Was habt ihr als Nächstes für ABYSMAL GRIEF geplant?
Momentan erwarten wir das erste Kapitel unserer Europa-Tour im Mai, dann würde ich gerne etwas Neues aufnehmen (aber natürlich kein ganzes Album). Und dann folgt das zweite Kapitel unserer Tour, im Oktober.

Kommen wir nun noch zu unserem traditionellen Metal1.info-Brainstorming:
Batushka: Vielleicht die beste und überzeugendste Black-Metal-Band, die es heute gibt, zusammen mit The Committee.

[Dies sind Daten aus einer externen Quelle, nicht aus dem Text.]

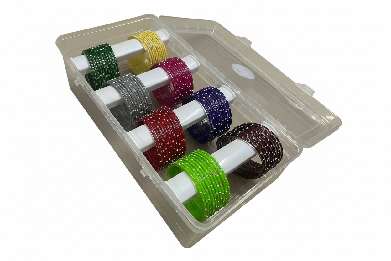 The Trending Glass Bangles Box contains 8 dozen glass bangles neatly organized in a durable 4-roll plastic box. This storage solution not only preserves the bangles' condition but also facilitates easy access and selection, enhancing organization and efficiency for users. The box offers a practical approach for both personal use and retail display.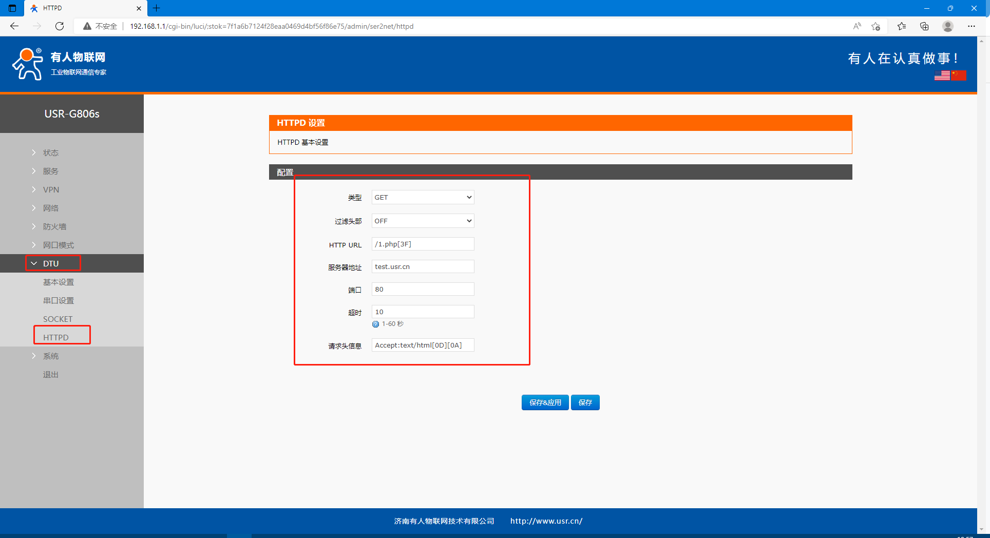 USR-G806s http协议GET方法基本测试案例

Tourismus in Italien: Mehr erschöpfender Verkehr auf den Straßen.
Okkulte Literatur: 80 % davon ist Kinderkram.
Facebook: Central Intelligence Agency
Lieblingsalbum: Death SS – „The Story Of Death SS 1977-1984“
ABYSMAL GRIEF in fünf Jahren: Hoffentlich tot?

Zuletzt nochmal ein großes Dankeschön für deine Zeit. Die letzten Worte möchte ich dir überlassen:
Danke dir für deine interessanten Fragen. Wir sehen uns dann auf der Tour! Im Tode.